(Supplied material begins)

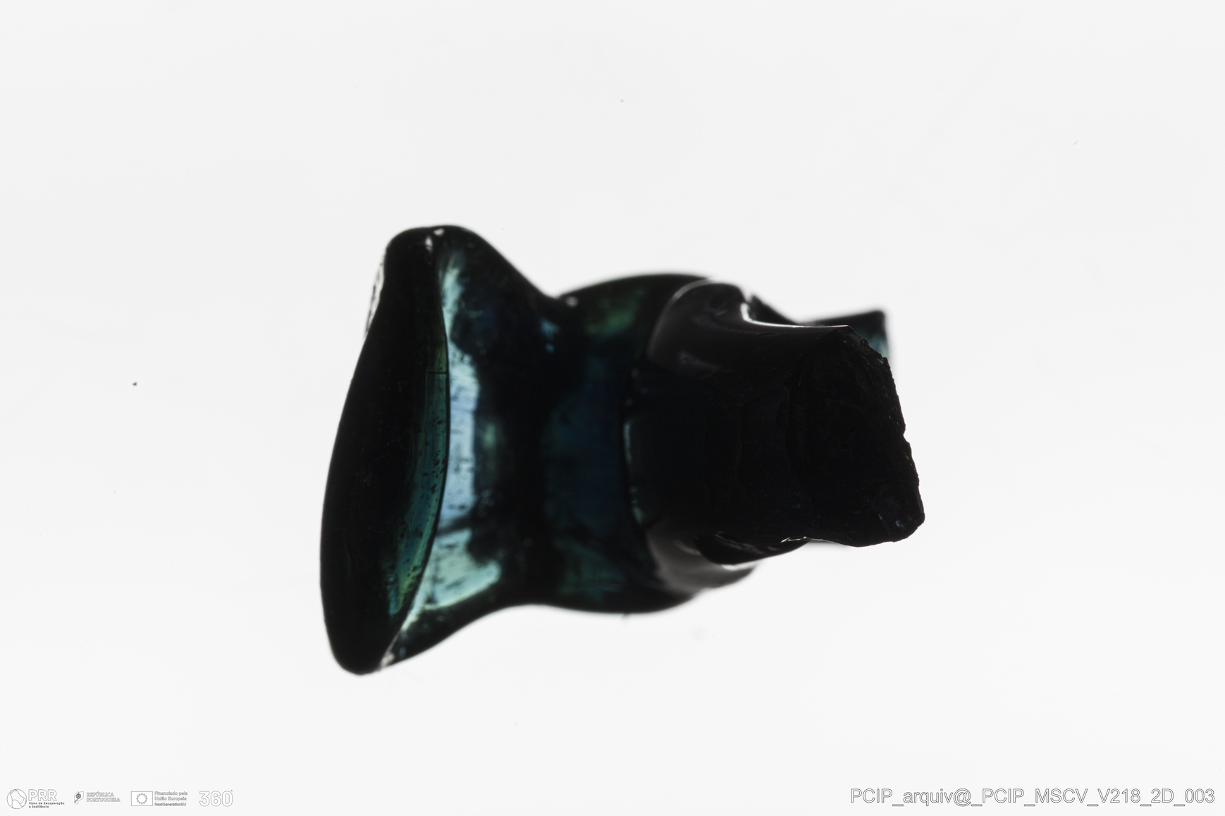 Matéria/Técnica: Vidro; Cronologia: Século XVII; Autoria: Desconhecida; Dimensões: Comprimento: 30mm; Largura: 28mm.
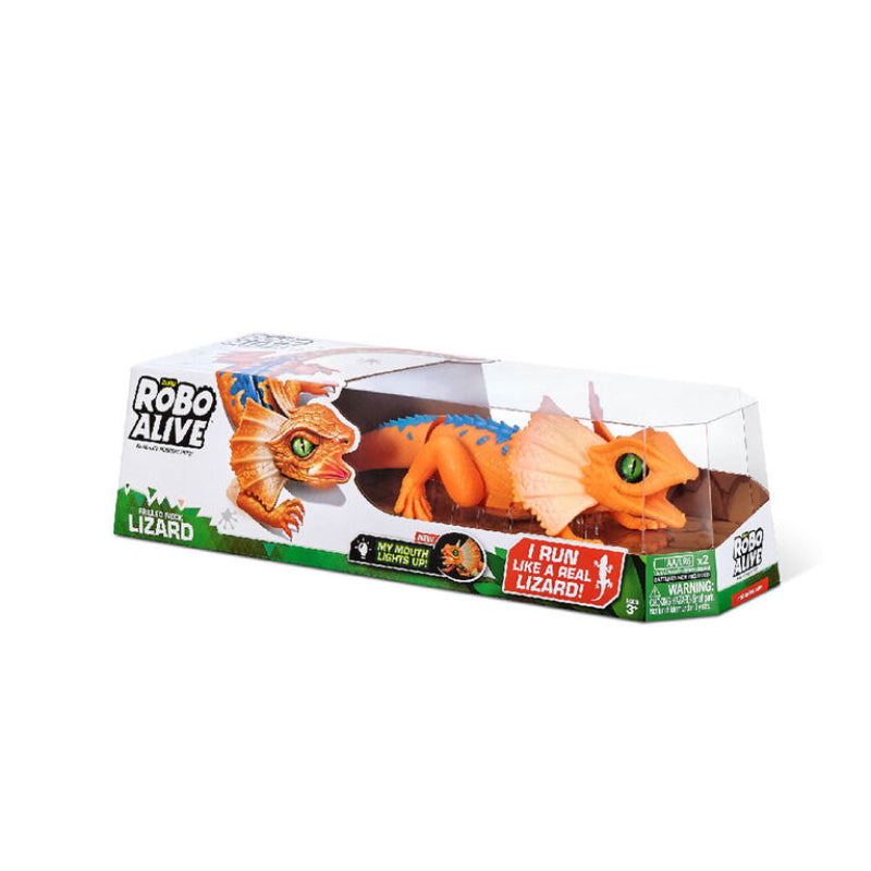 Tiene ojos deslumbrantes reales, una cola y cabeza de goma suave y un sensor de inclinación de cabeza ultra genial que hace que se detenga y busque presas cuando inclinas su cuello. Este lagarto acechante también tiene un cuello con volantes y una boca que se ilumina para protegerlo de los depredadores incluso en situaciones peligrosas. El lagarto robótico con cuello con volantes que se ilumina en Robo Alive demuestra el movimiento de un lagarto como si fuera real. ¡Como un lagarto genuino, este se mueve y corre!
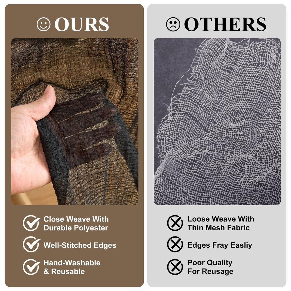 Soft and Elegant LookCrafted from quality, soft cheesecloth fabric and had carefully sewn edges and natural drape, our table runner can create a graceful effect, adding an element of elegance to any occasion.
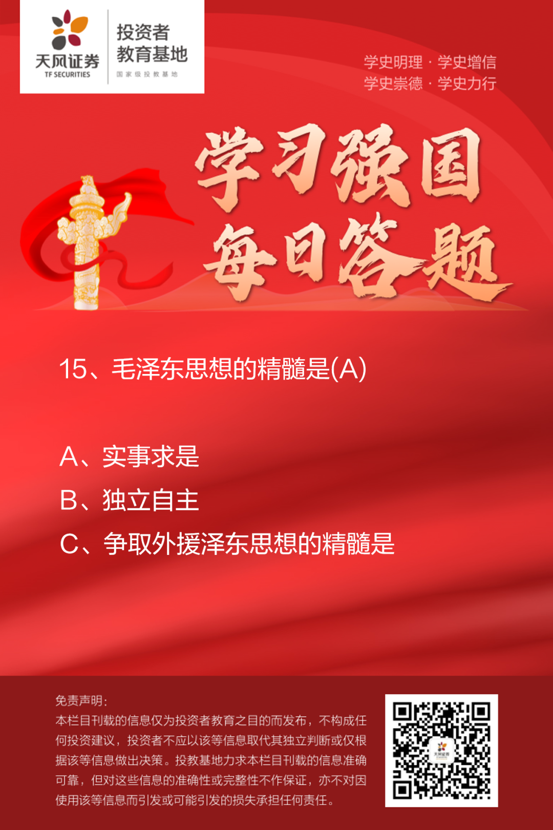 天风证券投教基地特别开展学习强国每日答题互动活动,通过把党史与学习新中国史、改革开放史、社会主义发展史相贯通,引导广大投资者牢固铭记中国共产党百年奋斗的光辉历程,进一步学懂弄通做实习近平新时代中国特色社会主义思想。欢迎各位投资者积极参与!
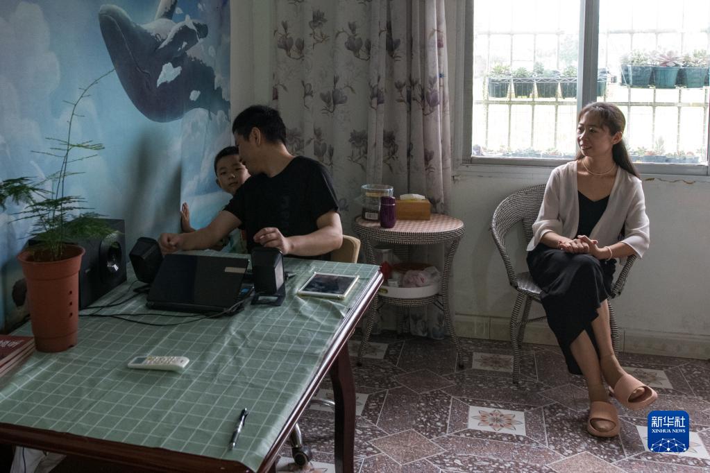 在四川省什邡市馬井鎮同心村,王忠禮一家在書(shū)房聊天(8月2日攝)。
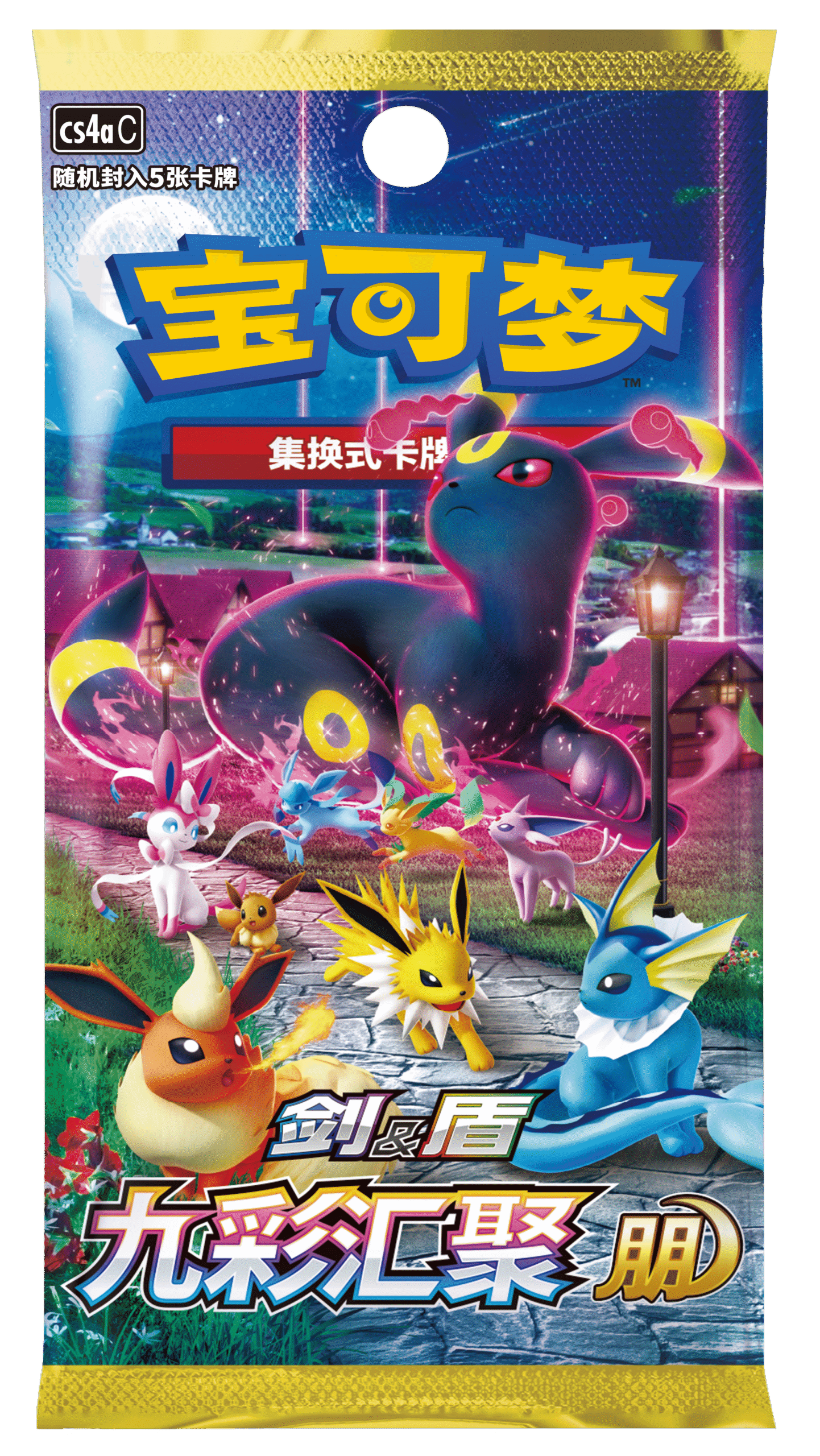 宝可梦卡牌“剑&盾”系列第四弹补充包——“九彩汇聚”也在礼盒内等待你的开启。收集卡牌、构筑卡组,尽享对战乐趣吧!
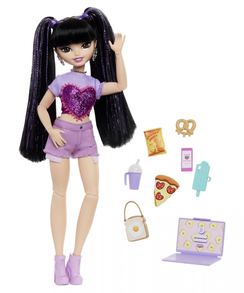 Papusa este articulabila si poarta haine detasabile, cum ar fi crop-ul ei stralucitor cu inima violet, pantaloni scurti si cizme din denim mov!
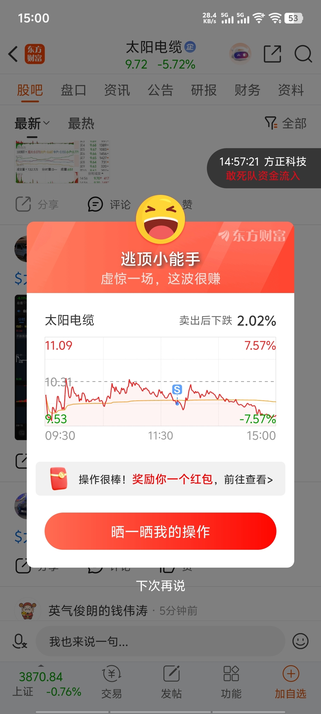 $太阳电缆(SZ002300)$ 真的已经很格局了。拉高的时候我不亏我都没走。想支持一下,后面没办法我就走了还是亏了几百的哎没办法,知行合一说到做到
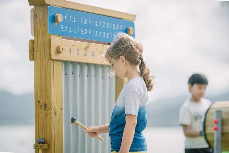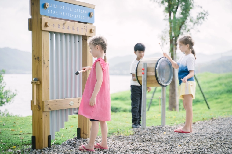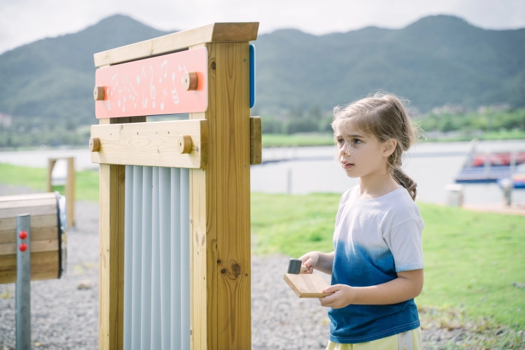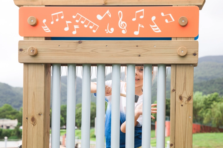 Konstrukcja wykonana jest z wysokiej jakości, gładko wykończonego drewna oraz trwałych elementów metalowych, odpornych na całoroczne użytkowanie na zewnątrz. Gra na dzwonkach rozwija słuch, motorykę, koordynację ręka–oko oraz współpracę między dziećmi. Odpowiednie do przedszkoli, szkolnych dziedzińców, społecznych placów zabaw i prywatnych ogrodów.

(Supplied material ends)

Exercise directions: Please retype the lines from the one that contains "在四川省什邡市馬井鎮同心村,王忠禮一家在書(shū)房聊天(8月2日攝)。" to the final line of the records, both included, exactly as written and without any pictures.

Response:
 在四川省什邡市馬井鎮同心村,王忠禮一家在書(shū)房聊天(8月2日攝)。
 宝可梦卡牌“剑&盾”系列第四弹补充包——“九彩汇聚”也在礼盒内等待你的开启。收集卡牌、构筑卡组,尽享对战乐趣吧!
 Papusa este articulabila si poarta haine detasabile, cum ar fi crop-ul ei stralucitor cu inima violet, pantaloni scurti si cizme din denim mov!
 $太阳电缆(SZ002300)$ 真的已经很格局了。拉高的时候我不亏我都没走。想支持一下,后面没办法我就走了还是亏了几百的哎没办法,知行合一说到做到
 Konstrukcja wykonana jest z wysokiej jakości, gładko wykończonego drewna oraz trwałych elementów metalowych, odpornych na całoroczne użytkowanie na zewnątrz. Gra na dzwonkach rozwija słuch, motorykę, koordynację ręka–oko oraz współpracę między dziećmi. Odpowiednie do przedszkoli, szkolnych dziedzińców, społecznych placów zabaw i prywatnych ogrodów.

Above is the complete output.